Потому что утешение не заменяет того, кого любишь.
Можно окружить женщину поклонниками, подарками, музыкой, блестящими словами, можно сделать её «вдохновением» — героиней стихов, мифов, легенд. Можно назвать её небесной и недосягаемой — и думать, что этим ты сделал ей честь. Но если внутри неё есть один конкретный человек — или одно конкретное Солнце — то всё остальное будет шумом.
Так и случилось.
Люди, увидев Луну, начали мечтать о ней, как мечтают о чужой недоступности: потому что в недоступном легко разглядеть идеал, не рискуя узнать правду. Они начали «покорять» её — смешное слово, которое выдают за любовь, когда не умеют любить. Они строили ракеты, писали лозунги, делали шаги, оставляли следы. Они говорили: «мы дошли». Но возвращались одинокими.
Потому что дойти — не значит быть принятым.
Луна не принадлежала им. Не потому что гордая. Потому что в ней уже было место занято. И место это занимало не тело, не власть, не успех, а чувство — самое неподкупное, что бывает во вселенной: верность.
Иногда она стояла в небе так низко, что казалось — возьми. Иногда она была такой полной, что казалось — она беременна светом. Иногда она исчезала вовсе — и тогда мир начинал нервничать, как ребёнок без матери: почему так темно, куда делось спокойствие?
Но она была верна.
Солнце тоже было верно. Оно сгорало ради того, чтобы жить. Делало вид, что оно само себе достаточно. Оно сияло, как мужчина, который не позволяет себе признаться, что ему больно. Оно смеялось в виде жары, оно было щедрым, оно давало всем — и никому не говорило, что внутри него одна-единственная просьба: хотя бы раз не уйти.
И Бог смотрел на них — и понимал, что даже совершенный мир может оказаться несовершенным там, где появляется любовь. Потому что любовь — это всегда попытка отменить разделение.
И тогда Бог решил: ни одна любовь не должна быть невозможной.
Не потому что Он пожалел их — жалость унижает. Потому что Он уважал их. И потому что в любви есть что-то такое, что даже для Бога становится поводом изменить правила: не из слабости, а из признания — да, это важно.
Он создал Затмение.
Затмение не было украшением мира. Оно было его исповедью.
Это была редкая щель в порядке, когда Солнце и Луна могли подойти друг к другу так близко, что их сияния касались, не уничтожая. Это была минутная амнистия для тех, кого приговорили к вечности врозь.
И вот что удивительно: когда они встречались, мир становился другим. Тот же воздух, та же земля, та же вода — но всё внутри людей вдруг замирало. Птицы путались в своих песнях. Тени становились слишком резкими. Свет начинал вести себя странно: он будто вспоминал, что вообще-то он — не закон физики, а чувство.
Люди поднимали головы.
Некоторые смеялись — от страха. Некоторые плакали — сами не понимая почему. Некоторые бежали за очками, за стеклом, за защитой, потому что им говорили: «не смотри». И это «не смотри» звучало смешно и правильно одновременно: не смотри, потому что увидишь то, что тебе не положено, потому что твоё сердце не выдержит такого масштаба.
А там, наверху, не было никакой мистики — только двое.
Солнце, которое наконец могло не играть роль. Луна, которая наконец могла не делать вид, что ей достаточно звёзд. Они встречались, как встречаются люди после долгой войны — без лишних слов, без объяснений. Они не разговаривали: им не нужен был язык. Они касались друг друга своей невозможностью и становились на мгновение тем, чем были в самом начале — до мира, до разделения, до назначения.
Любовью.
И в эту минуту их чувство было настолько сильным, что мир темнел — не от отсутствия света, а от избытка смысла.
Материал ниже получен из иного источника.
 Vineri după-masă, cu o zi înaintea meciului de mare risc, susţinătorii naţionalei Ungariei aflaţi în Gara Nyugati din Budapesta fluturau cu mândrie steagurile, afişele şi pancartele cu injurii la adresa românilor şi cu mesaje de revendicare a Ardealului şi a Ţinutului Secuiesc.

Потому что есть любовь, которая не освещает, а заслоняет всё остальное. Есть любовь, рядом с которой все человеческие истории кажутся маленькими, но не униженными — просто временными.
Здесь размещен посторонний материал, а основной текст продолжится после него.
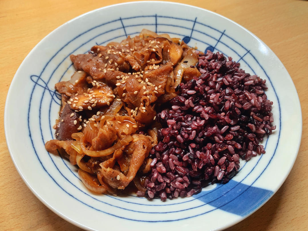 洋葱香菇照烧肥牛,杂粮饭。

Потом порядок возвращался. Солнце уходило. Луна оставалась. Люди разъезжались по домам, писали заметки, спорили, выкладывали фотографии, уверяли друг друга, что «видели». Но мало кто понимал главное: это не зрелище. Это встреча. Это чья-то верность, дождавшаяся щели в судьбе. Это чья-то любовь, которой наконец разрешили быть.
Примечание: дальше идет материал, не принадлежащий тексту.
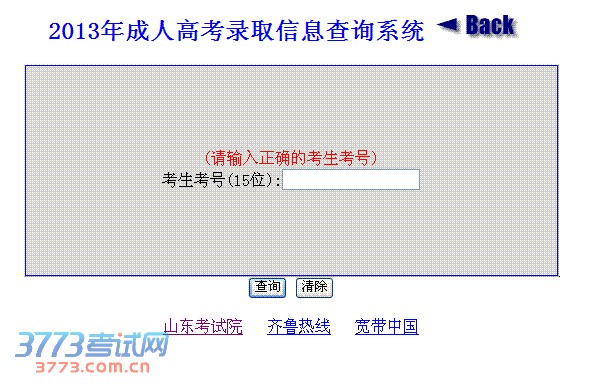 山东省2013年成人高考录取查询 2013年成人高考录取信息查询系统

И вот они живут теперь — не столько раздельно, сколько на расстоянии, которое измеряется терпением.
Солнце продолжает притворяться счастливым. Луна продолжает скрывать печаль. Звёзды продолжают утешать и продолжать не достигать цели. Люди продолжают пытаться покорить то, что не покоряется. Мир продолжает работать, как часы.